Forum search & shortcuts

Dave Bingo - what s...
 

[Closed] Dave Bingo - what sub-species do you know?

Posts: 8165
Free Member
Topic starter
 
[#5842425]

As we all know, there are at least 55,000,000,000 subspecies of Daves.

What types can you claim to know?

I'll start:

Bearded Dave [[s]probably[/s] not the one on the forum]
Portly Dave [actually preferred to be called Fat Dave!]
Dodgy Dave [also called Fat Dave, at you own risk. Still owes me £20]
Dave the Boss [my Dad - actually I'm going to ask him what type of Dave he is today]
Jewish Dave [I don't even know why he's called that!?]

So - Name those Daves!


 
Posted : 10/01/2014 10:46 am
Posts: 5418
Full Member
 

Disco Dave / Dave the Rave - slightly creepy, goes to the gym a lot, was briefly a nightclub photographer / promoter.
Stinky Dave - fairly self explanatory.
Bangkok Dave - used to live in Bangkok, believe it or not.
Fat 'Ead Dave - has a big head.


 
Posted : 10/01/2014 10:53 am
Posts: 5559
Free Member
 

Drunk Dave
Tall Dave
Short Dave

They all post on here lets see if they recognise themselves 😉


 
Posted : 10/01/2014 10:54 am
Posts: 251
Full Member
 

"Call Me Dave" - our PM when he wants to be seen as down with the prole's.


 
Posted : 10/01/2014 10:54 am
Posts: 2
Free Member
 

Well, me, but I guess I've already been mentioned! 🙂

I also know a 'Fruitbowl Dave'!


 
Posted : 10/01/2014 10:59 am
Posts: 4472
Full Member
 

I'm a Dave. often big Dave, I assume for my height, rather than girth.... Hmmm. Thinking about being a David now I'm nearing 40.
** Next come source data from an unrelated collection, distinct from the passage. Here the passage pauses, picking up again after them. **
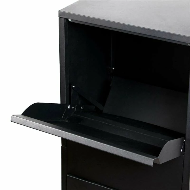 Mit dieser schwarzen Paketbox können Sie Päckchen und andere Sendungen annehmen, ohne Zuhause zu sein. Sendungen, die größer als normale Briefe sind, passen in die meisten Briefkästen nicht hinein. Anders bei der Paketbox, da sie über ein spezielles Einwurfsystem für Pakete verfügt. Die obere Einwurfklappe wird geöffnet und das Paket auf den Zwischenboden gelegt. Wenn die Klappe geschlossen wird, öffnet sich der Zwischenboden und das Paket fällt in den unteren Bereich der Paketbox. Sobald das Paket im unteren Bereich der Paketbox liegt, schließt sich der Zwischenboden wieder und ein weiteres Paket kann in die Box gelegt werden. Um die Pakete zu entnehmen, entriegeln Sie das Schloss im unteren Segment der Paketbox und öffnen die untere, große Klappe. Nun können Sie problemlos Ihre Sendungen herausholen.
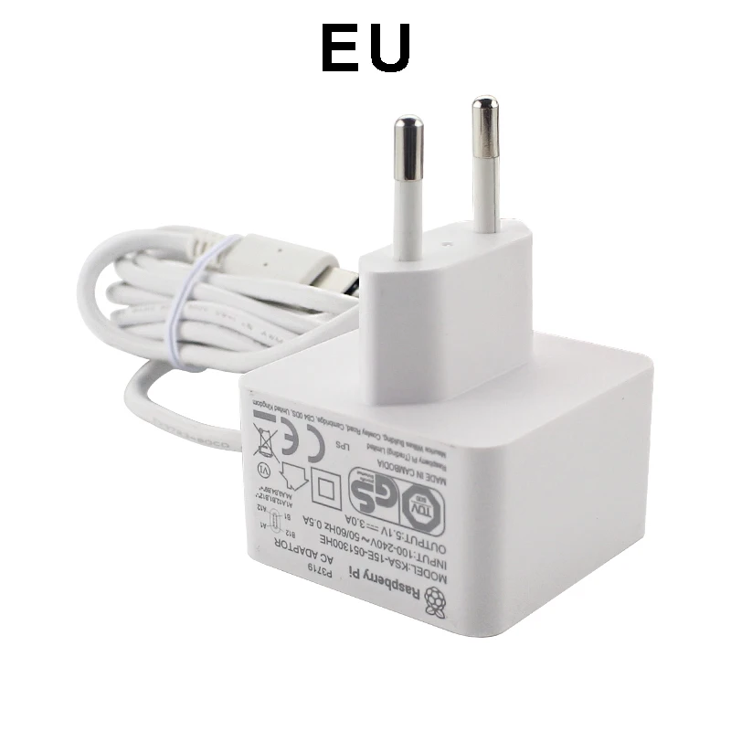 Esto es 5,1 V 3 A. , Enchufe de alimentación 18 AWG de 1,5 m para Raspberry Pi 4 Modelo B, proporcionamos tres enchufes de alimentación para elegir en el Reino Unido, EE. UU., UE.
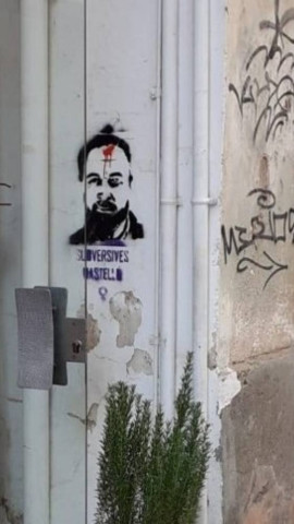 Un grupo femenista efectúa pintadas en Castellón contra Abascal y simula un disparo en su frente

I also employ 3 other Daves, keeps things simple onsite for the customers. haha.

Dave the spark - He's an electrictian!
Plasterer Dave - Any guesses to his profession?
Toothless Dave aka Dangerous Dave - once got mugged on his way home and had his 2 front teeth knocked out.....


 
Posted : 10/01/2014 11:01 am
 DezB
Posts: 54367
Free Member
 

Shouty Dave (just over there across the office)
Chilled Dave (desk next to mine)
Sits in the chair all day doing nothing Dave (my ol' man)


 
Posted : 10/01/2014 11:02 am
Posts: 0
Free Member
 

Ginger Dave


 
Posted : 10/01/2014 11:05 am
Posts: 0
Free Member
 

My 2 good friends at Uni were:
Scary Dave (occasionally known as Big Dave if introducing him to parents)
Other Dave (liked to be called Delvin the Wizard, for unknown reasons)


 
Posted : 10/01/2014 11:06 am
Posts: 41930
Free Member
 

Designated Dave

He was actualy called Ross, but our other housemate was called Dave and when he went away Daves missus snuggled upto him on the sofa, hence for the evening he became Designated Dave.


 
Posted : 10/01/2014 11:08 am
Posts: 0
Free Member
 

Little Dave - mate o mine who used to be a jockey.


 
Posted : 10/01/2014 11:09 am
Posts: 5418
Full Member
 

Oh - Cambodian Dave, due to his diminutive physique. In fairness though, that's only in comparison to the rest of the group!


 
Posted : 10/01/2014 11:11 am
Posts: 0
Free Member
 

Dave from 'Alifax. Fettling-obsessed, balding lone Northerner who shows up on mountain bike holiday, shoehorned in alongside two big groups from somewhere else.


 
Posted : 10/01/2014 11:20 am
Posts: 3333
Full Member
 

Wavy Davey


 
Posted : 10/01/2014 11:23 am
Posts: 293
Free Member
 

Dai the milk used to be our vender of cow juice.


 
Posted : 10/01/2014 11:25 am
Posts: 8165
Free Member
Topic starter
 

Designated Dave - Proper LOL 🙂


 
Posted : 10/01/2014 11:26 am
Posts: 1014
Free Member
 

party dave
naked dave
completely average dave
dave the plumber


 
Posted : 10/01/2014 11:29 am
Posts: 1048
Free Member
 

Scottish Dave - he's not Scottish
Dopey Dave - but not to his face.


 
Posted : 10/01/2014 11:31 am
Posts: 40432
Free Member
 

dirty dave
dangerous dave
camp david


 
Posted : 10/01/2014 11:32 am
Posts: 23629
Full Member
 

Its all Sarahs in our life

Big Sarah
Wee Sarah
Wee Sarah N
Wee Irish Sarah
Sarah the Exorcist (after she's visited there are no spirits left in the cupboard)
Stalker Sarah
Bankrupt Sarah

Only got one Dave on my phone 'Dave Pointless'


 
Posted : 10/01/2014 11:32 am
 bol
Posts: 0
Free Member
 

I was at uni with Chuffin' Dave. He was from Sheffield and that was his expletive of choice. He lived with Dave, hence the need to distinguish. Dave later became known as Lying Dave when it became clear his life was a pathetic web of deceit.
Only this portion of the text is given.